SLAM: You have been a steady force for the Sun this year, posting career highs across the board really. What do you feel has been some factors in your success this year?
KL: For any sport, I think one of the most important factors for success of an athlete is your health. You have to be healthy. For me I have been banged up the past three seasons, so I haven’t had the chance to play at 100 percent in years. You still play and you do what you can for your team at a given year, and every player has different limitations. It’s not an excuse it’s a reality. This is the first time in years I am healthy. The second thing is opportunity. You have to have the opportunity to play solid minutes. You also have to play a position that fits you the best. This is the first time in my 10-year career that I have gotten the chance to play point guard—to lead a team. I would say those are the two most dominant factors that I am playing the way I am.
SLAM: You ladies are on the verge of doing something special with this team with All-Everything Tina Charles down low. What do you feel has been the key or will be the key going forward to take this team to another level?

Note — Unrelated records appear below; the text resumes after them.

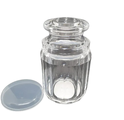 מלחייה מעוצבת עשויה אקריליק איכותי דמוי קריסטל, מוסיפה אלגנטיות לשולחן.
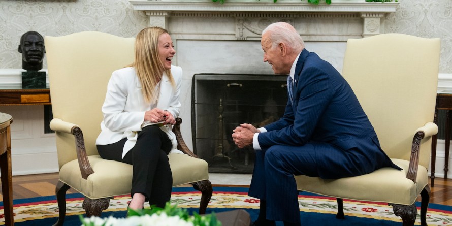 Biden ha esordito dicendo a Meloni: «siamo diventati amici», una cosa notevole se si considera che lo scorso autunno il presidente americano, così come diversi altri leader occidentali, aveva indicato la vittoria di Fratelli d’Italia alle elezioni italiane come una ragione di preoccupazione nel contesto di un generale spostamento verso l’estrema destra di molti paesi europei. Allora il governo statunitense aveva fatto sapere che avrebbe valutato l’operato di quello italiano strada facendo, prima di prendere posizioni definitive su Fratelli d’Italia e sul nuovo governo di destra in Italia.
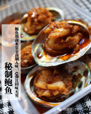 ▲精选八头鲍,经卤啊卤秘制卤水长时间卤制入味后再佐以酱料加工制作,美味有嚼劲。
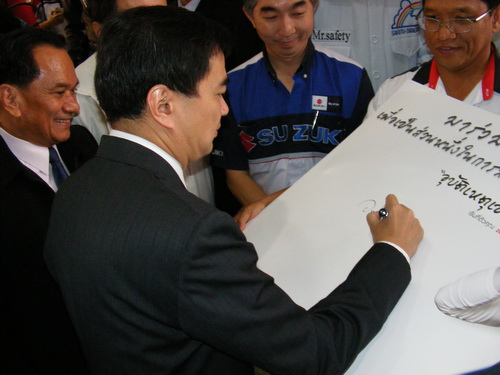 นายอภิสิทธิ์ เวชชาชีวะ นายกรัฐมนตรี กล่าวระหว่างการเป็นประธาน เปิดโครงการปีแห่งการรณรงค์ ส่งเสริมการสวมหมวกนิรภัย 100 % ว่า อุบัติเหตุทางถนนเป็นปัญหาใหญ่ที่เกิดความสูญเสียของประชาชน ซึ่งภายในปี 2563 รัฐบาลมีเป้าหมายที่ลดอุบัติเหตุให้ได้ครึ่งหนึ่ง หรือให้มีผู้เสียชีวิตไม่เกิน 10 ราย ต่อประชากร 100,000 ราย ขณะที่ขอให้ทุกฝ่ายช่วยผลักดันการบังคับใช้กฎหมายการสวมหมวกนิรภัยให้ เข้มงวด พร้อมขอให้เจ้าหน้าที่ของรัฐเป็นตัวอย่างในการสวมหมวกนิรภัย ตลอดจนได้ร่วมมือกับภาคเอกชน ผู้ประกอบการ และสถานศึกษา ร่วมรณรงค์ให้นักศึกษา นักเรียน และลูกจ้าง ให้ความสำคัญกับการสวมหมวกนิรภัย พร้อมกันนี้ รัฐบาลจะพัฒนามาตรฐานของหมวกนิรภัย ทั้งนี้ นายกรัฐมนตรี พร้อม นายสุเทพ เทือกสุบรรณ รองนายกรัฐมนตรี ด้านความมั่นคง นายโสภณ ซารัมย์ รมว.คมนาคม และ พล.ต.อ.วิเชียร พจน์โพธิ์ศรี ผู้บัญชาการตำรวจแห่งชาติ ร่วมกันปล่อยขบวนรถจักรยานยนต์ ณ สโมสรกองทัพบ เมื่อวันที่ 27 มกราคม 2554 ที่ผ่านมา
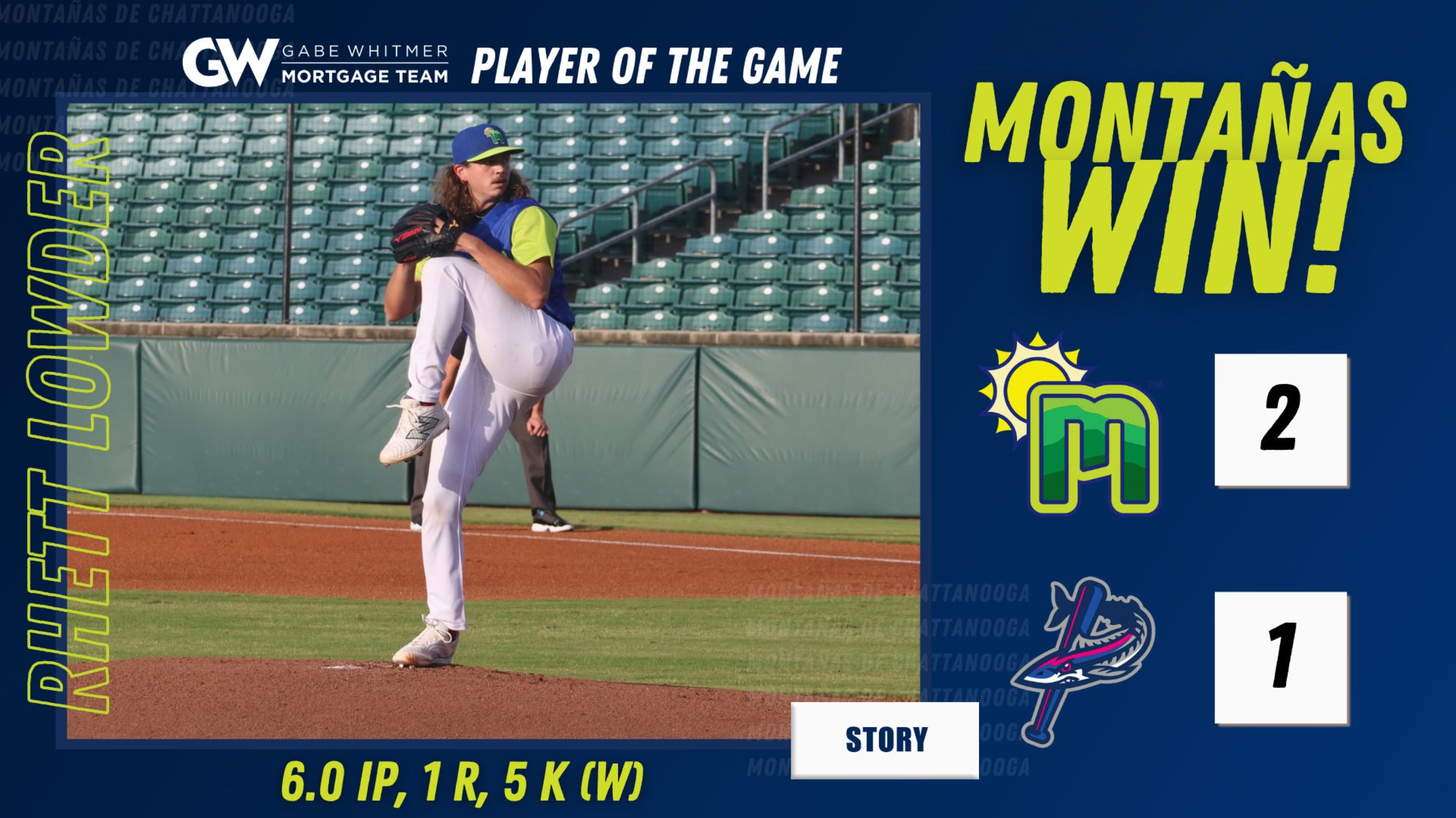 Las Montañas de Chattanooga defeated the Pensacola Blue Wahoos, 2-1. Starting pitcher Rhett Lowder continued his red-hot summer, only allowing one hit in six innings with five strikeouts. In five starts after the All-Star break, the right-hander is 3-0 with a 2.30 ERA and 27 strikeouts in 31.1 innings.

KL: I mean the reality of the situation is that we have to be able to execute in close games, which we are doing better this year. We have to be able to handle the playoff atmosphere. We are doing well right now absolutely, I am happy where we are through 19 games. The reality of this team specifically is that we have never won a playoff game, let alone a series, together. So to get ahead of ourselves and say we are going to this, or we are going to the finals, do we have those goals? Absolutely. But I think it is premature for a team that has never won a playoff game together to start skipping ahead too much. We are happy where we are after 19 games, but we have a lot of work to do if we have plans for a long postseason.

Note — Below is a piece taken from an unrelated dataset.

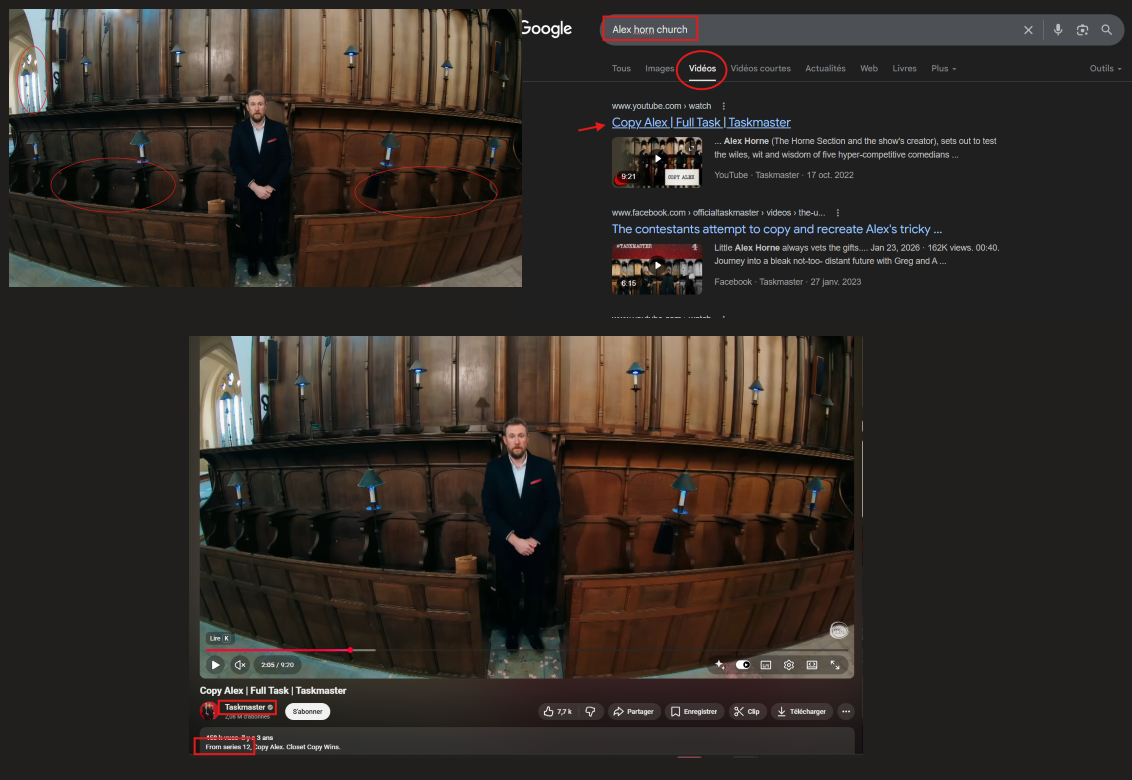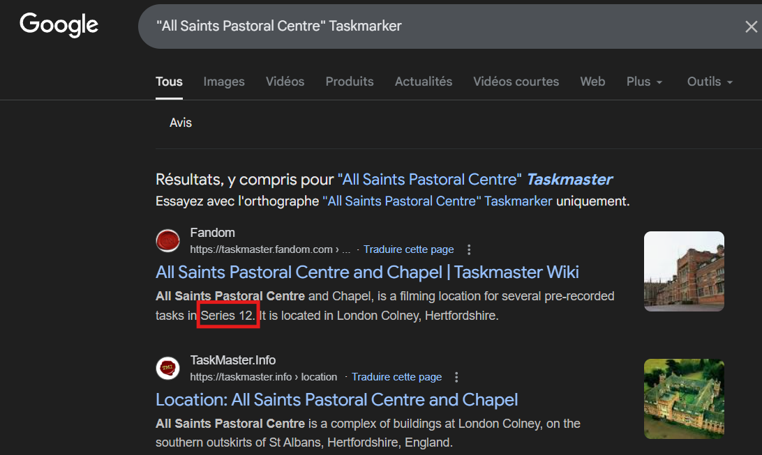 On confirme avec le nom de la série et un dork. "All Saints Pastoral Centre" Taskmaster
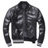 Black Baseball Varsity Bomber Leather Jacket

SLAM: You’re shooting over 50 percent from the field and 44 percent from behind the arc, and you’re living at the line this year. Do you think your ability to mix it up has been a factor in your success this year? You’re shooting 90 percent from there as well.
KL: When you are playing a ton of wing in an offense that is ball screen-oriented, sometimes you are standing outside a lot and settling for jumpers. This year I have the ball in my hands a lot more, so I am able to do some different things. I am looking to be more aggressive and to get to the basket.
SLAM: You have a month-long break, how do you plan to stay sharp during the break, and what are some things you would like to see changed and stay the same for this team, post-Olympics?
KL: For me I just treat it like the offseason. It’s a chance to improve and get better. Hitting the gym and making sure I stay fit. Just building off of the first half that we had as a team and that I have had as an individual.
SLAM: Is this the year for the Sun, and why.
KL: I don’t know. I can’t say I have a feeling this year, nor that I had a feeling when we won in ’05. I think if we can finish strong and put ourselves in a good spot going into the playoffs is key. The one things that has been pretty consistent with teams that have had good playoff runs is they find themselves playing their best basketball at the end of the year. We don’t want to look back at the first half and see we were 15-4 and say that’s when we were at our best. We need to make sure that happens in September.